WORK TO COMPLETE:
Take the entries below and print, exactly, the stretch from the line containing "Ottawa River" through the line containing "All the films", both included.
━━━━━ TASK INPUTS ━━━━━
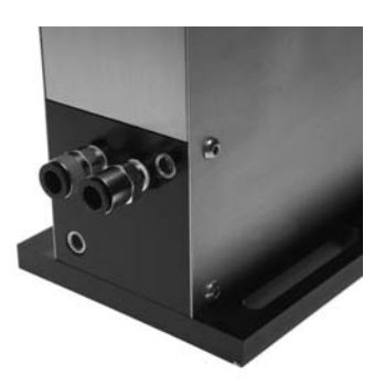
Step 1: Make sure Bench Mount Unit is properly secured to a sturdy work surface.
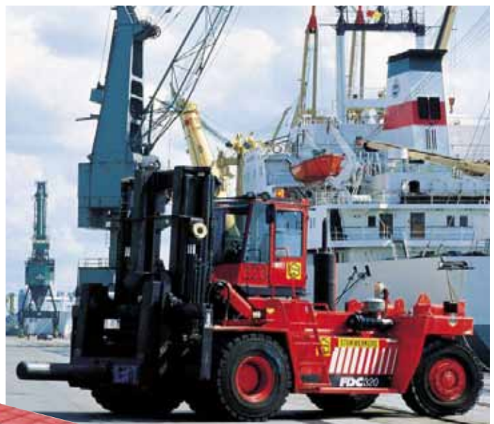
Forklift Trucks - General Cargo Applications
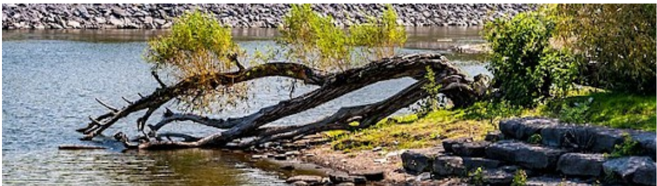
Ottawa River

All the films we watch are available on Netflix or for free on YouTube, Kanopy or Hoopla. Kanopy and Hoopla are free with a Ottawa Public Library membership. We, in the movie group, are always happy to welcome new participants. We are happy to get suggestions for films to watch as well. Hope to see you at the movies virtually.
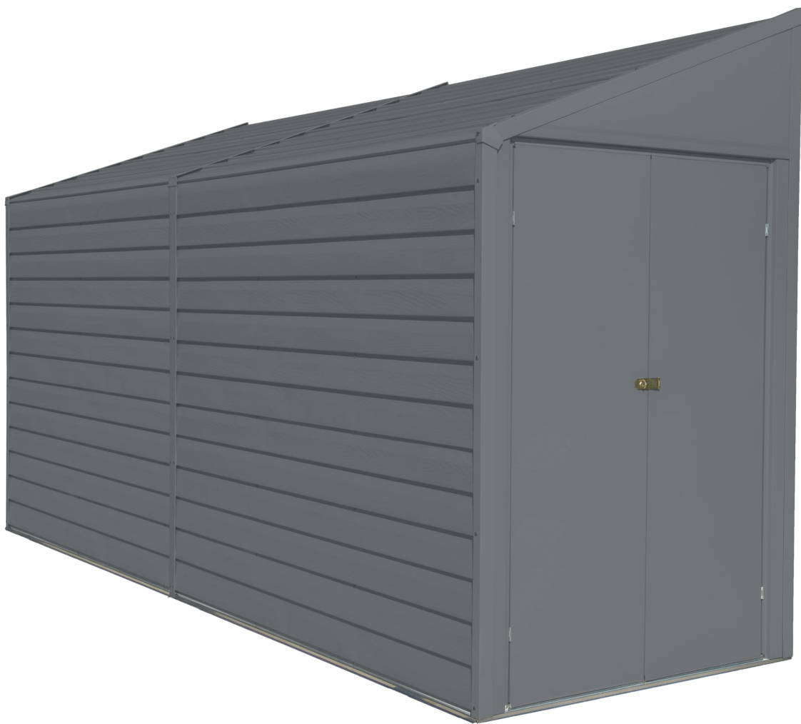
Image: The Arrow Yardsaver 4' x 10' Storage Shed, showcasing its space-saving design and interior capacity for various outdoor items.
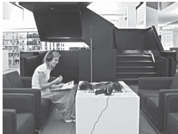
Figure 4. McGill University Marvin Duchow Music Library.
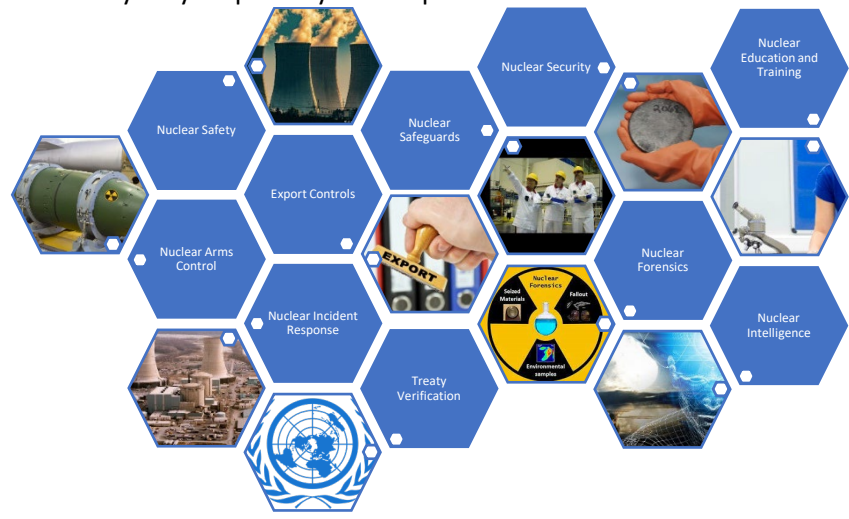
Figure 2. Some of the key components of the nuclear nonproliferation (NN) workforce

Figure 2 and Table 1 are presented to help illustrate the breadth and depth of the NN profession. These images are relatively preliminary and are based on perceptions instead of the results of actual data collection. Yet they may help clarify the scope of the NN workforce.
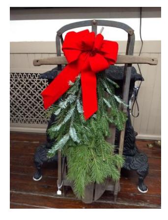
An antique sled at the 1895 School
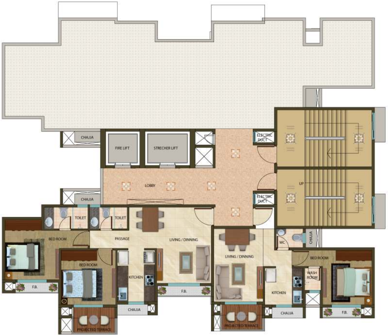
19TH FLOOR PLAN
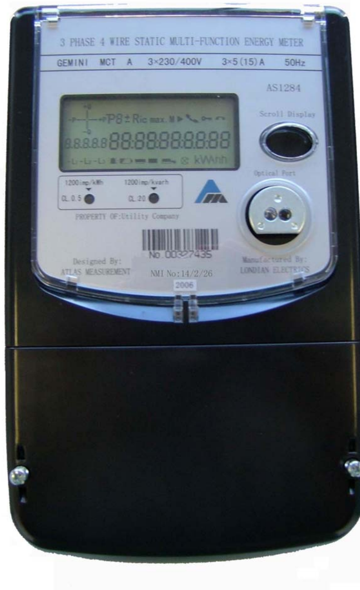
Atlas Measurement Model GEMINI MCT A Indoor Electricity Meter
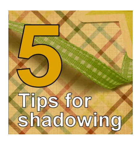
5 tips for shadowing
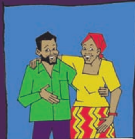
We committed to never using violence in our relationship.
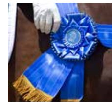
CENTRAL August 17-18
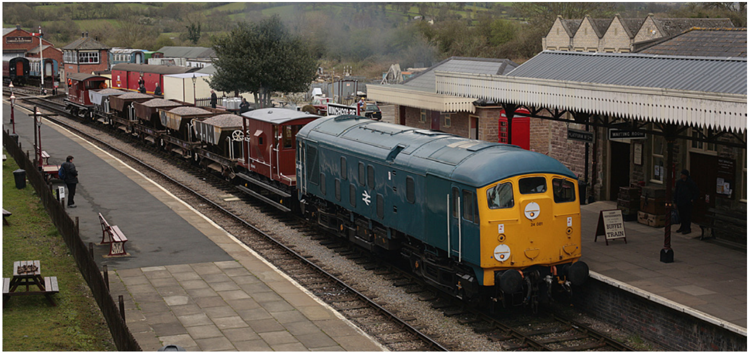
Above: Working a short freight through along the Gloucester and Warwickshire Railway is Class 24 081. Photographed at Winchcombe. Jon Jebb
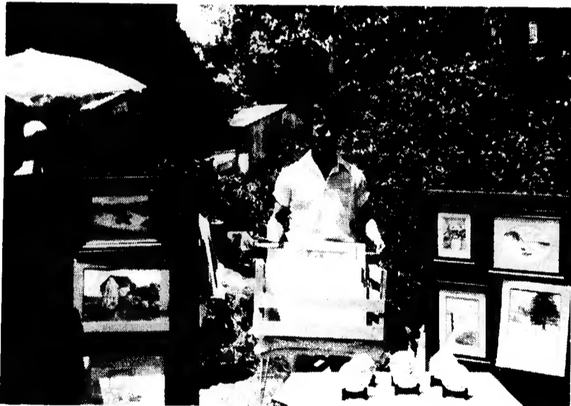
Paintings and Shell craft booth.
━━━━━
ANSWER AREA:
Ottawa River

All the films we watch are available on Netflix or for free on YouTube, Kanopy or Hoopla. Kanopy and Hoopla are free with a Ottawa Public Library membership. We, in the movie group, are always happy to welcome new participants. We are happy to get suggestions for films to watch as well. Hope to see you at the movies virtually.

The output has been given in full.